• The task:
Nothing but the exact text of the entries should appear in your answer; pictures stay out.

*** Opening Dataset entries ***

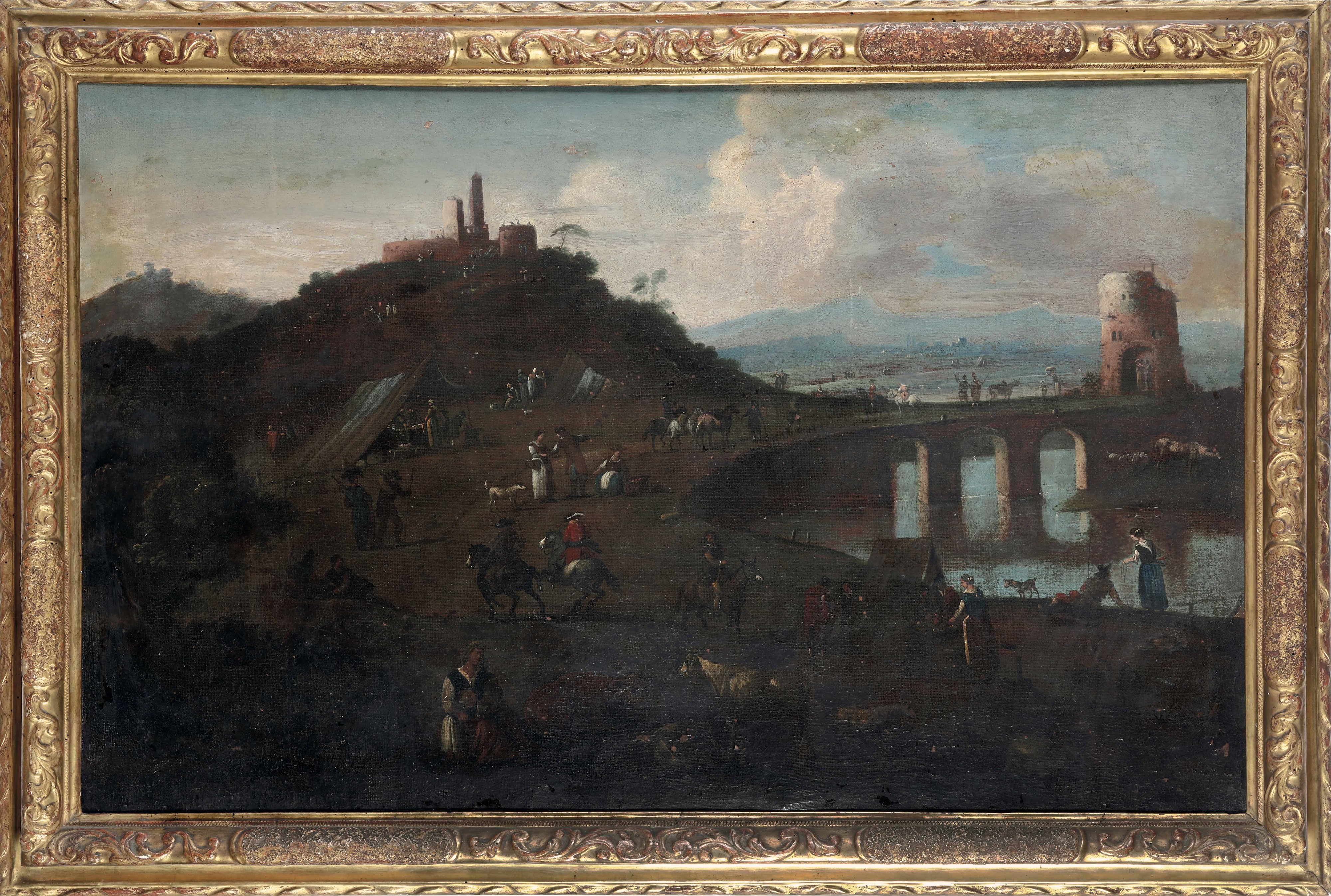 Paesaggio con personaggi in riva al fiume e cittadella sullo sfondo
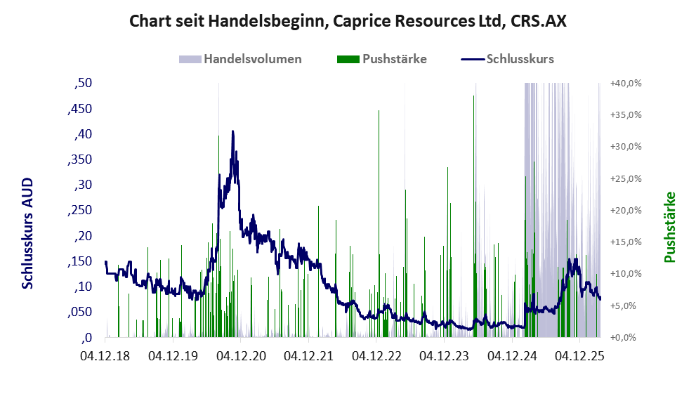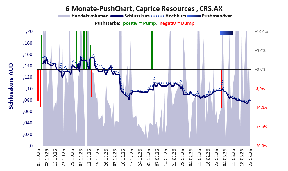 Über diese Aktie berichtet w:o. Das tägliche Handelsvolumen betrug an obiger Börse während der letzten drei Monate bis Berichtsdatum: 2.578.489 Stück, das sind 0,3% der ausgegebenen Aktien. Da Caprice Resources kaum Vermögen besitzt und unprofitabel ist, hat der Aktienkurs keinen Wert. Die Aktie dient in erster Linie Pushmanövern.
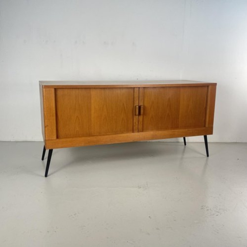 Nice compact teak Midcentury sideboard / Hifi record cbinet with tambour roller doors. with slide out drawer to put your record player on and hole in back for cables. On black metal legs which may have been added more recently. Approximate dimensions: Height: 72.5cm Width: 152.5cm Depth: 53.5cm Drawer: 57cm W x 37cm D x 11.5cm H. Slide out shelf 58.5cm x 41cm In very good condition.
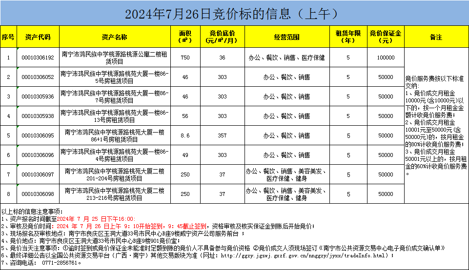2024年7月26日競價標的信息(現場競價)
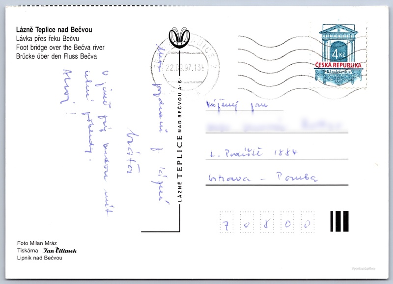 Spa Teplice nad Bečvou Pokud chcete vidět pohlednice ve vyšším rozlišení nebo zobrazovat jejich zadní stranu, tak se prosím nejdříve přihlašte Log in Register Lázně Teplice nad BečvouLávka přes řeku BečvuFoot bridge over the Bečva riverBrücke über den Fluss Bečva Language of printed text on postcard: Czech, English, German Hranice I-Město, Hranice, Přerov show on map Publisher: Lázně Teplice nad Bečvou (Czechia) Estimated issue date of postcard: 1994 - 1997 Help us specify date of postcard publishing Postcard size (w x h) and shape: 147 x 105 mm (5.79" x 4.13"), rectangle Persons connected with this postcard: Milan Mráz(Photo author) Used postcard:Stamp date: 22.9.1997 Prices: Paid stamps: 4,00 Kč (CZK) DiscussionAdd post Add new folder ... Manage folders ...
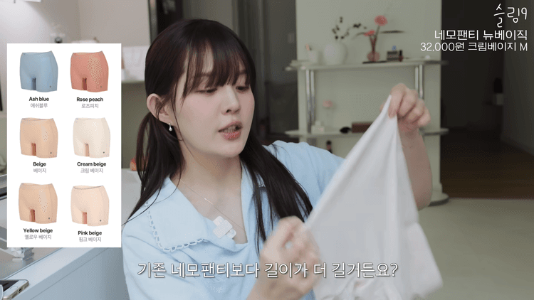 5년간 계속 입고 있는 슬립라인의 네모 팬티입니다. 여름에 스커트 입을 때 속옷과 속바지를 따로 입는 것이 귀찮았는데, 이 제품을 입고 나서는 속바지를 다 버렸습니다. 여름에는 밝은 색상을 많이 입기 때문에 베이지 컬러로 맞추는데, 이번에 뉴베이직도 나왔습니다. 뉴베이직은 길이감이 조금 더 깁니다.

*** Closing Dataset entries ***

• Exercise answer:
 Paesaggio con personaggi in riva al fiume e cittadella sullo sfondo
 Über diese Aktie berichtet w:o. Das tägliche Handelsvolumen betrug an obiger Börse während der letzten drei Monate bis Berichtsdatum: 2.578.489 Stück, das sind 0,3% der ausgegebenen Aktien. Da Caprice Resources kaum Vermögen besitzt und unprofitabel ist, hat der Aktienkurs keinen Wert. Die Aktie dient in erster Linie Pushmanövern.
 Nice compact teak Midcentury sideboard / Hifi record cbinet with tambour roller doors. with slide out drawer to put your record player on and hole in back for cables. On black metal legs which may have been added more recently. Approximate dimensions: Height: 72.5cm Width: 152.5cm Depth: 53.5cm Drawer: 57cm W x 37cm D x 11.5cm H. Slide out shelf 58.5cm x 41cm In very good condition.
2024年7月26日競價標的信息(現場競價)
 Spa Teplice nad Bečvou Pokud chcete vidět pohlednice ve vyšším rozlišení nebo zobrazovat jejich zadní stranu, tak se prosím nejdříve přihlašte Log in Register Lázně Teplice nad BečvouLávka přes řeku BečvuFoot bridge over the Bečva riverBrücke über den Fluss Bečva Language of printed text on postcard: Czech, English, German Hranice I-Město, Hranice, Přerov show on map Publisher: Lázně Teplice nad Bečvou (Czechia) Estimated issue date of postcard: 1994 - 1997 Help us specify date of postcard publishing Postcard size (w x h) and shape: 147 x 105 mm (5.79" x 4.13"), rectangle Persons connected with this postcard: Milan Mráz(Photo author) Used postcard:Stamp date: 22.9.1997 Prices: Paid stamps: 4,00 Kč (CZK) DiscussionAdd post Add new folder ... Manage folders ...
 5년간 계속 입고 있는 슬립라인의 네모 팬티입니다. 여름에 스커트 입을 때 속옷과 속바지를 따로 입는 것이 귀찮았는데, 이 제품을 입고 나서는 속바지를 다 버렸습니다. 여름에는 밝은 색상을 많이 입기 때문에 베이지 컬러로 맞추는데, 이번에 뉴베이직도 나왔습니다. 뉴베이직은 길이감이 조금 더 깁니다.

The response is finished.